**GIVEN INFORMATION:**
☆ ☆ ☆ ☆ ☆ ☆ ☆
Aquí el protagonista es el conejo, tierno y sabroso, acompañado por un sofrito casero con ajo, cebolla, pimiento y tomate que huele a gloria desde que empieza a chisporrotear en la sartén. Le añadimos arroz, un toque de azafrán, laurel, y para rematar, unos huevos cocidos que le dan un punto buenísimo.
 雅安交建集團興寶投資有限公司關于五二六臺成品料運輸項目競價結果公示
☆ ☆ ☆ ☆ ☆ ☆ ☆
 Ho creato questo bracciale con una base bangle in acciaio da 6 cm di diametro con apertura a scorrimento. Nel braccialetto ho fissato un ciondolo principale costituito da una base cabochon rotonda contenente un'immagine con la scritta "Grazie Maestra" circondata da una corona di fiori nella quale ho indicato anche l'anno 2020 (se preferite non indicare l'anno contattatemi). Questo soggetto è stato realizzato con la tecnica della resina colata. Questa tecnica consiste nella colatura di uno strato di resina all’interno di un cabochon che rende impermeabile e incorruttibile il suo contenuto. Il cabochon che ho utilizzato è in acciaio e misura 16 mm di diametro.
☆ ☆ ☆ ☆ ☆ ☆ ☆
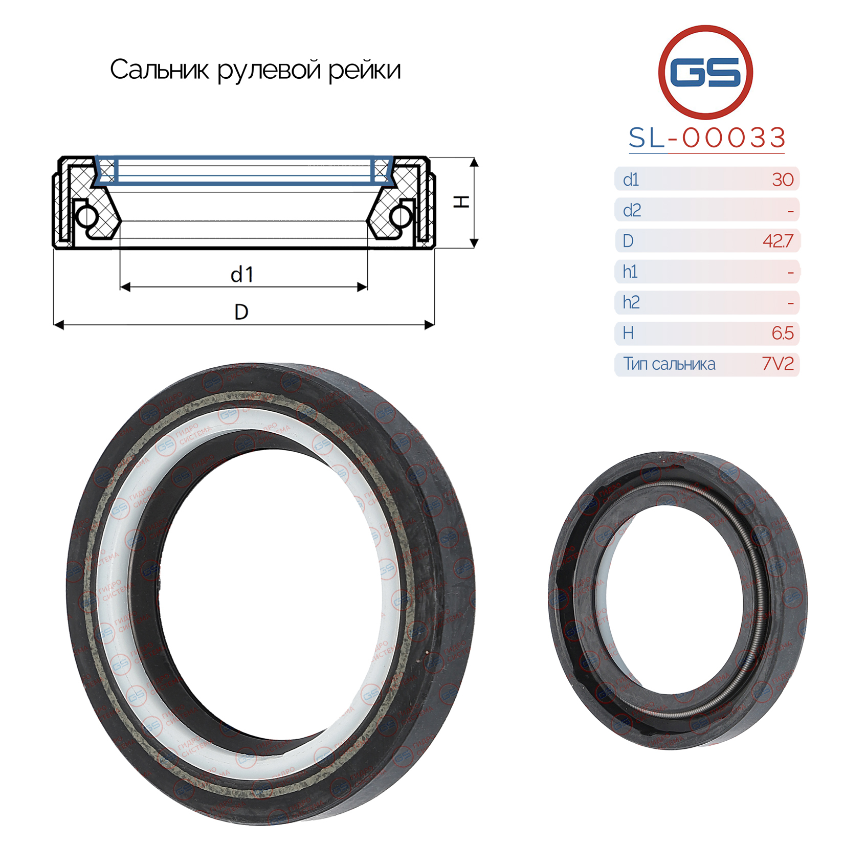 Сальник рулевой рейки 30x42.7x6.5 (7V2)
☆ ☆ ☆ ☆ ☆ ☆ ☆
Only the lines above starting at the one containing "Aquí el protagonista" and ending at the one containing "雅安交建集團興寶投資有限公司關于五二六臺成品料運輸項目競價結果公示", both included, are to be returned, exactly as they read.

Aquí el protagonista es el conejo, tierno y sabroso, acompañado por un sofrito casero con ajo, cebolla, pimiento y tomate que huele a gloria desde que empieza a chisporrotear en la sartén. Le añadimos arroz, un toque de azafrán, laurel, y para rematar, unos huevos cocidos que le dan un punto buenísimo.
 雅安交建集團興寶投資有限公司關于五二六臺成品料運輸項目競價結果公示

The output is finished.